Of course, that’s not to say Travis is right to claim this!

Still, if I follow, you’ve told me this as a way of reconciling what seem to me to be two contrasting intuitions: that experience is more fine grained or richer than (conceptual) judgement but that we see things as things. So I suppose that the universals are what dissolves the tension. If seeing the red door were a matter of just seeing that object and that particular instance of the shade, that wouldn’t be seeing it as something because there would be no hint of generality in the particular experience (?). But seeing the universals and in the experience counts as a form of seeing-as, as a variant on the Hanson / younger McDowell picture where the seeing-as is in linguistic concepts. So I assume that the universals are like the ontological shadows of concepts given to us by the world itself.

If so, I have two qualms. First, it seems hard to know what to make of the idea that the world divides itself up for us into generalities. How do its divisions relate to our linguistic conceptual divisions? How does a red door signpost all the other shades of red as the same universal? Or does it not? Does it only signpost that precise shade? If so, does the world take a view on whether shades are relative to lighting conditions or surface properties of things? Second, I know you don’t believe this because of your comments about taxonomy after my session on truth the other day. So I cannot have followed your intent here. (Ie invoking Husserl to shed light on dissolving my felt tension. If so, it should at least make sense.)

T

From: Peter Lucas
Sent: 05 April 2016 18:17
To: Tim Thornton
Subject: RE: Harmony etc.: having it both ways

Re. occasion sensitivity: I have to say that Travis’s point seems correct but fairly trivial – what one is looking for experience to confirm in a biology class and a film set will no doubt be different, but that does not seem to entail that on each occasion there is no specific universal feature that is looked for (nothing that counts as “being-green” in that context). It will not be an “ingredient” in the sense of a part though. The idea that beauty is an ingredient of beautiful things as alcohol is of beer and wine would be rejected by a Platonist, let alone Wittgenstein.

My suggestion is indeed that making universals objects of experience (rather than simply features of judgements) would dissolve the tension (between the idea that experience is richer in content than judgement, and the idea that seeing-as is ubiquitous).
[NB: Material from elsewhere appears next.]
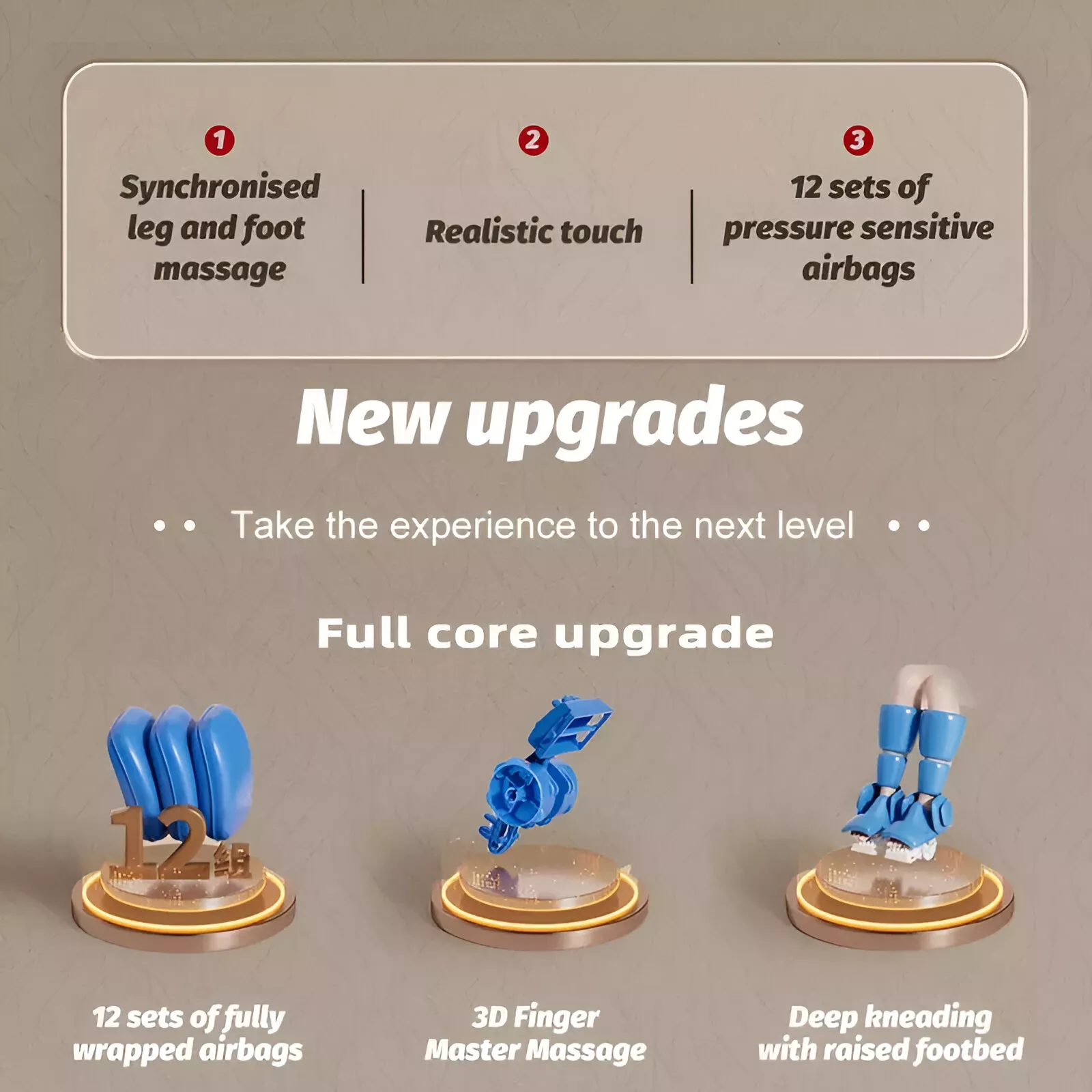 - 8D Air Compression: Targets calves and feet with rhythmic squeezing to boost circulation

However, given where (on my view) the richness lies, it might be more accurate to say that concepts are the shadows of universals.
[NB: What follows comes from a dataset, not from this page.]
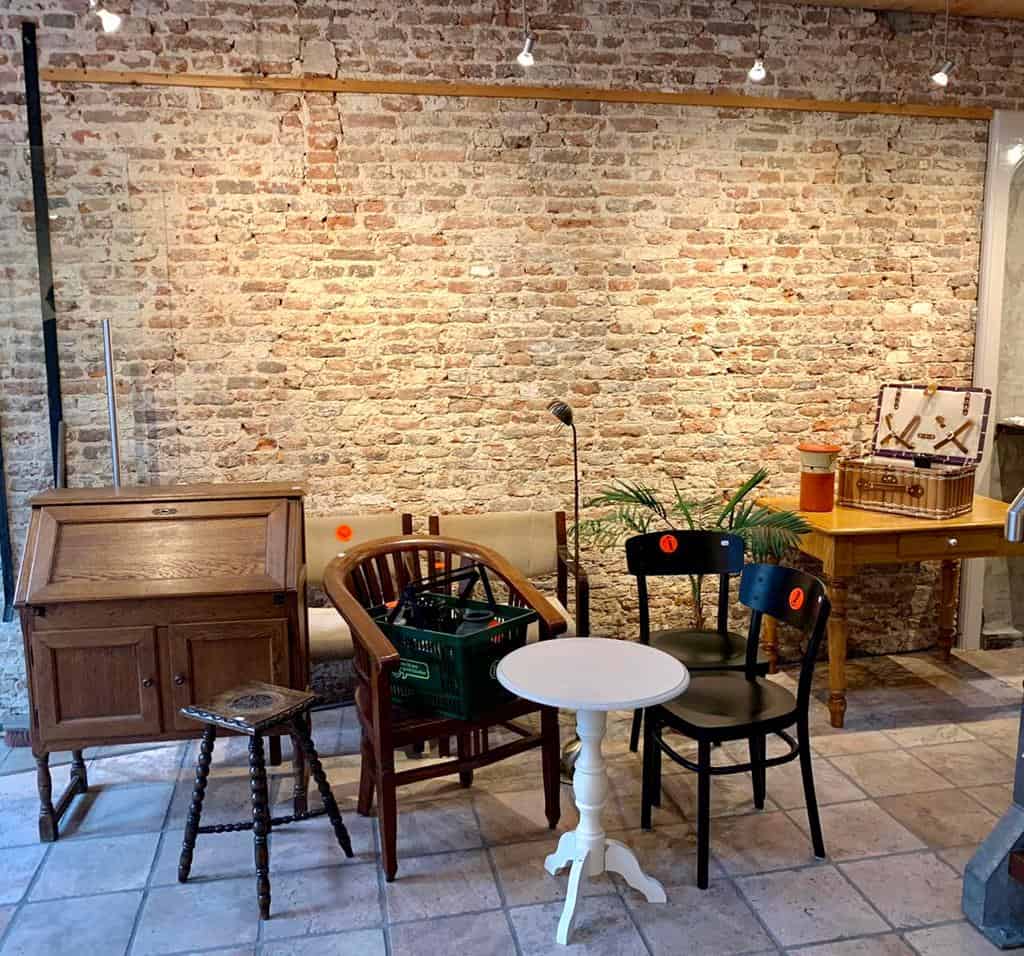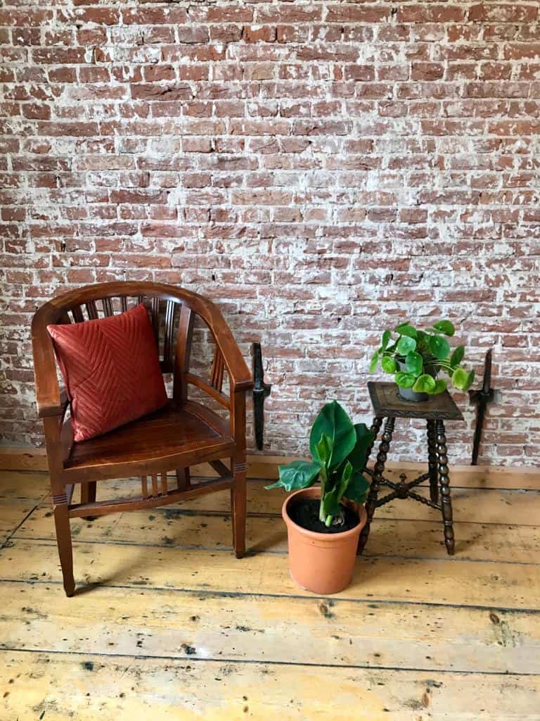 ‘Dat is ‘m, dacht ik toen ik een stoel tegenkwam’, vertelt Birte. ‘Verder zag ik een mooie secretaire, die in één van de kleinere ruimtes boven kan worden geplaatst. Je kunt er met je laptop aan werken, en je kunt ‘m dichtklappen als er bijvoorbeeld een overleg plaatsvindt. Dat is handiger dan een grote tafel. Dit soort dingen overleg ik met Menno.’ Ze kwam bij de kringloop voor het één en vertrok met het ander. ‘Zo werkt het gewoon. Je moet afwachten wat er aangeboden wordt.’ Kringloop Zwolle werkt graag mee. ‘Ik mag een lijstje ophangen met dingen die ik zoek en laten het weten als ze denken dat er iets is dat ik wel kan gebruiken. Daar ben ik heel blij mee.’ Birte is blij dat ze vooraf een moodboard, een materialenplan en een digitaal ontwerp heeft gemaakt. ‘Daardoor kan ik me ondanks de aanpassingen toch aan het oorspronkelijke plan houden. Door de goede voorbereiding weet ik precies wat er wel en niet in het totaalplaatje past. Het is wel heel fijn dat ik zo’n enthousiaste opdrachtgever heb, die me veel vrijheid geeft.’

I agree that the above makes it sound as if the world itself divides itself up into generalities – and that is (a) incompatible with what I said about taxonomy, and (b) pretty implausible (some of Husserl’s remarks about essences seem hair-raisingly implausible). But that’s why I recommended progressing via Husserl to Heidegger. Husserl establishes the idea that universals are directly present in experience (and it is the task of phenomenology to isolate and map them). Heidegger develops the idea by insisting that the “essences” Husserl claims to identify are historical through and through – the world does not divide itself up into generalities, but nor are “essences” the nominal essences of empiricism (the effects rather than the bases of judgement). The essences we experience grow out of our historical commerce with the bearers of those universals - out of a variety of forms of life. There will no doubt be some dialectical interplay between language / judgement and experience (since our commerce with the bearers of essences will be partly linguistic). But the centre of gravity of Heidegger’s attempt to read knowledge and truth back into forms of life ultimately lies in an appeal to experience and historical activity rather than to a set of linguistic practices.